It seems nn.functional.interpolate is working on CPU instead of GPU.
The CPU occupancy is 100%, however the GPU occupancy is merely 11%.
Here are the parts my model forward codes, I wrote the nn.functional.interpolate into it.
Can the nn.functional.interpolate function be ran by cuda?
def forward(self, x):
x = nn.functional.interpolate(x, scale_factor=self.scale, mode='bicubic',align_corners=True)
return x
Did somebody also encounter this problem?
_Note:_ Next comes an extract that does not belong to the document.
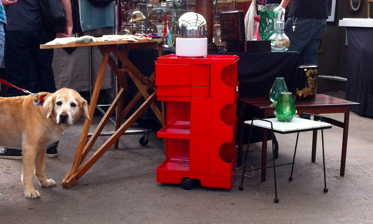 At the Junction Flea at the Brick Works last Sunday, this classic red Boby Trolley Cart, designed by Italian industrial designer Joe Columbo (1930 to 1971), sat across the aisle from us all day. Alas, we were there to downsize, not to accumulate. Plus we didnt;t make close to enough money to meet the $300 sticker price.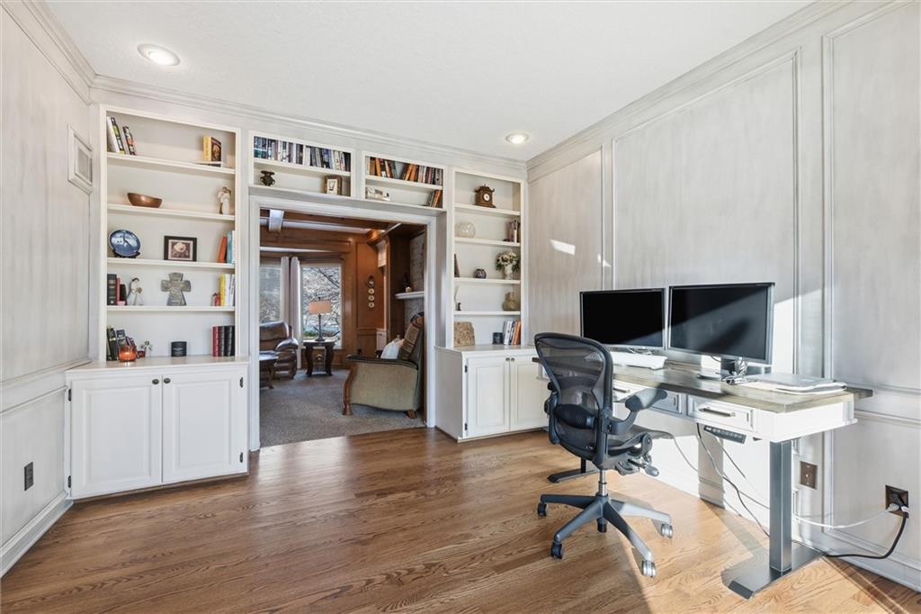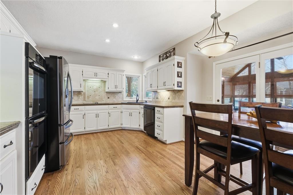Discover this beautifully updated 2-story home situated on a treed corner cul-de-sac lot, offering exceptional space and functionality. The main level welcomes you with hardwood floors, fresh paint, and generous living spaces. The family room offers a cozy fireplace and built-in bookshelves. There are also a dedicated first-floor office and formal dining room. The updated kitchen boasts granite countertops, a pantry, and hardwoods, opening to a bright sunroom. Upstairs, the spacious primary suite impresses with vaulted ceilings, two walk-in closets, a private sitting room and its own balcony. The luxurious, updated primary bath features tile and granite finishes, a free-standing tub, and a separate shower. Three additional bedrooms share an updated hall bath with stylish tile and granite. Offering both a 2-car front-entry garage and an additional 2-car tandem side-entry garage with basement access, this extra space is perfect for hobbyists, storage, or extra vehicles. The partially finished basement includes stained concrete floors and is currently used as a workout room. Outside, enjoy a fenced yard ideal for pets, play, or gardening. Major updates bring peace of mind, including a new roof (1 month old), new windows, fresh exterior paint, new gutters and newer HVAC system. This well-maintained home on a private cul-de-sac corner lot offers space, updates, and a flexible floor plan—move-in ready and waiting for its next owner!

I cannot reproduce this issue.
Are you sure F.interpolate
is using the CPUs?
This code snippet utilizes the GPU 100% and a single CPU code, which seems to be fine:
import torch
import torch.nn as nn
import torch.nn.functional as F
import time
class MyModel(nn.Module):
def __init__(self, scale_factor=2):
super(MyModel, self).__init__()
self.scale_factor = scale_factor
def forward(self, x):
x = F.interpolate(x, scale_factor=self.scale_factor, mode='bicubic',align_corners=True)
return x
model = MyModel()
b, c, h, w = 64, 3, 128, 128
x = torch.randn(b, c, h, w, device='cuda')
nb_iters = 100000
torch.cuda.synchronize()
t0 = time.perf_counter()
for _ in range(nb_iters):
output = model(x)
torch.cuda.synchronize()
t1 = time.perf_counter()
print('Took {}s, {}s per iter'.format((t1 - t0), (t1 - t0)/nb_iters))
Could you try this code?